We find no cogent reason to reverse the said findings.

The dismissal of the petition is inevitable even upon close perusal of the merits of the case.
Payment is a mode of extinguishing an obligation.[20] Article 1240 of the Civil Code provides that
payment shall be made to the person in whose favor the obligation has been constituted, or his
successor-in-interest, or any person authorized to receive it.[21] In this case, the payments were
purportedly made to a supervisor of the private respondent, who was clad in an SMC uniform and drove
an SMC van. He appeared to be authorized to accept payments as he showed a list of customers
accountabilities and even issued SMC liquidation receipts which looked genuine. Unfortunately for
petitioner Francisco Culaba, he did not ascertain the identity and authority of the said supervisor, nor did
he ask to be shown any identification to prove that the latter was, indeed, an SMC supervisor. The
petitioners relied solely on the mans representation that he was collecting payments for SMC. Thus, the
payments the petitioners claimed they made were not the payments that discharged their obligation to
the private respondent.

The basis of agency is representation.[22] A person dealing with an agent is put upon inquiry and must
discover upon his peril the authority of the agent.[23] In the instant case, the petitioners loss could have
been avoided if they had simply exercised due diligence in ascertaining the identity of the person to
whom they allegedly made the payments. The fact that they were parting with valuable consideration
should have made them more circumspect in handling their business transactions. Persons dealing with
an assumed agent are bound at their peril to ascertain not only the fact of agency but also the nature
and extent of authority, and in case either is controverted, the burden of proof is upon them to establish
it.[24] The petitioners in this case failed to discharge this burden, considering that the private
respondent vehemently denied that the payments were accepted by it and were made to its authorized
representative.

Negligence is the omission to do something which a reasonable man, guided by those considerations
which ordinarily regulate the conduct of human affairs, would do, or the doing of something, which a
prudent and reasonable man would not do.[25] In the case at bar, the most prudent thing the petitioners
should have done was to ascertain the identity and authority of the person who collected their
payments. Failing this, the petitioners cannot claim that they acted in good faith when they made such
payments. Their claim therefor is negated by their negligence, and they are bound by its consequences.
Being negligent in this regard, the petitioners cannot seek relief on the basis of a supposed agency.[26]

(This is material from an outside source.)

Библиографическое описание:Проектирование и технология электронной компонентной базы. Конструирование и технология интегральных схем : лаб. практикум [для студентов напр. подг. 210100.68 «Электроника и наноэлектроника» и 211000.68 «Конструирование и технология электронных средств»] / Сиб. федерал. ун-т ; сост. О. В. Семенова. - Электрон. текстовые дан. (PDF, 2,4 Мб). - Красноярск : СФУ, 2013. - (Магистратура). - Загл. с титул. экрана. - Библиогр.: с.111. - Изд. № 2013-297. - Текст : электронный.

WHEREFORE, the instant petition is hereby DENIED. The assailed Decision dated April 16, 1996, and the
Resolution dated July 19, 1996 of the Court of Appeals are AFFIRMED. Costs against the petitioners.

SO ORDERED.
Puno, (Chairman), Quisumbing, Austria-Martinez, and Tinga, JJ., concur.

[1] Penned by Associate Justice Godardo A. Jacinto, with Associate Justices Salome A. Montoya and
Romeo A. Brawner concurring.

[2] Penned by Judge Fernando P. Agdamag.

[3] Dated July 19, 1996.

[4] Exhibit A, Records, Vol. I, p. 61.

[5] Exhibit 1, Id. at 107.

[6] Exhibit 2, Id. at 108.

[7] Exhibit 3, Id. at 109.

[8] Exhibit 4, Id. at 110.

[9] Exhibit F, Id. at 66.

[10] Ibid.

[11] Records, Vol. II, p. 596.


[12] CA Rollo, p. 26-B.

[13] Brief for the Defendants-Appellants, CA Rollo, p. 26-P.

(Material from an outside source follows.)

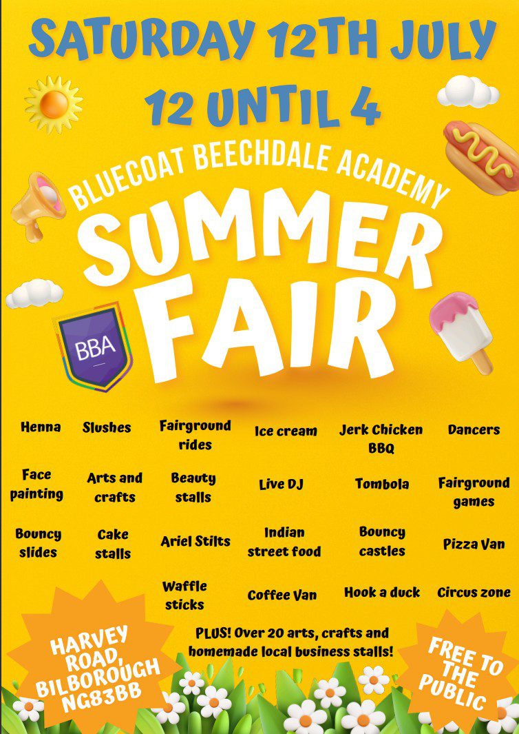 We’re thrilled to invite you to our School Summer Fair — a vibrant day of fun, food, and family-friendly entertainment right here at Bluecoat Beechdale Academy!

[14] Brief for Plaintiff-Appellee, Id. at 33.

[15] CA Rollo, p. 49.

[16] Rollo, p. 15.

[17] Cresenciano Duremdes v. Agustin Duremdes, G.R. No. 138256, November 12, 2003.

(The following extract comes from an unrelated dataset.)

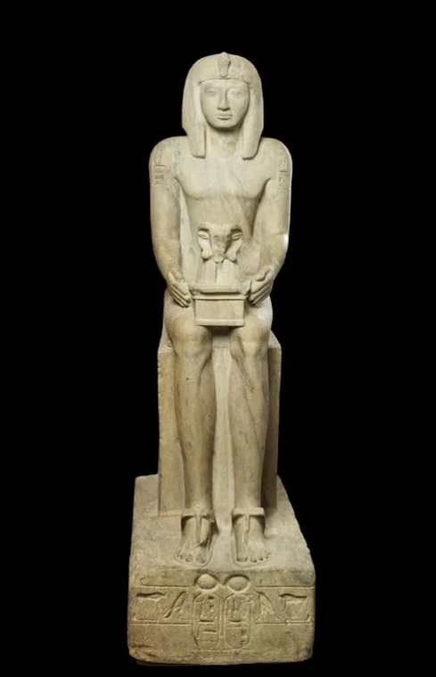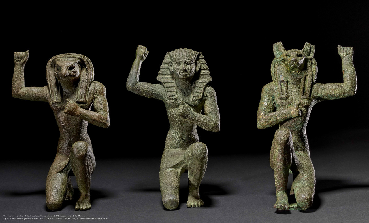 約西元前664至332年。這三尊塑像被認為是裝飾在運載神像的聖船上,象徵於法老加冕與慶典時守護君王的神聖力量。

[18] Asiatrust Development Bank v. Concepts Trading Corporation, G.R. No. 130759, June 20, 2003.

[19] Cosmos Bottling Corporation v. National Labor Relations Commission, et. al., G.R. No. 146397, July 1,
2003.

[20] Article 1231(1) of the Civil Code provides that obligations are extinguished by payment or
performance.

[21] Montecillo v. Reynes, 385 SCRA 244 (2002).

[22] Victorias Milling Co., Inc. v. Court of Appeals, 333 SCRA 663 (2000).

[23] Dizon v. Court of Appeals, 302 SCRA 288 (1999).


[24] Yu Eng Cho v. Pan American World Airways, Inc., 328 SCRA 717 (2000).

[25] Raynera v. Hiceta, 306 SCRA 102 (1999).

[26] Dizon v. Court of Appeals, supra.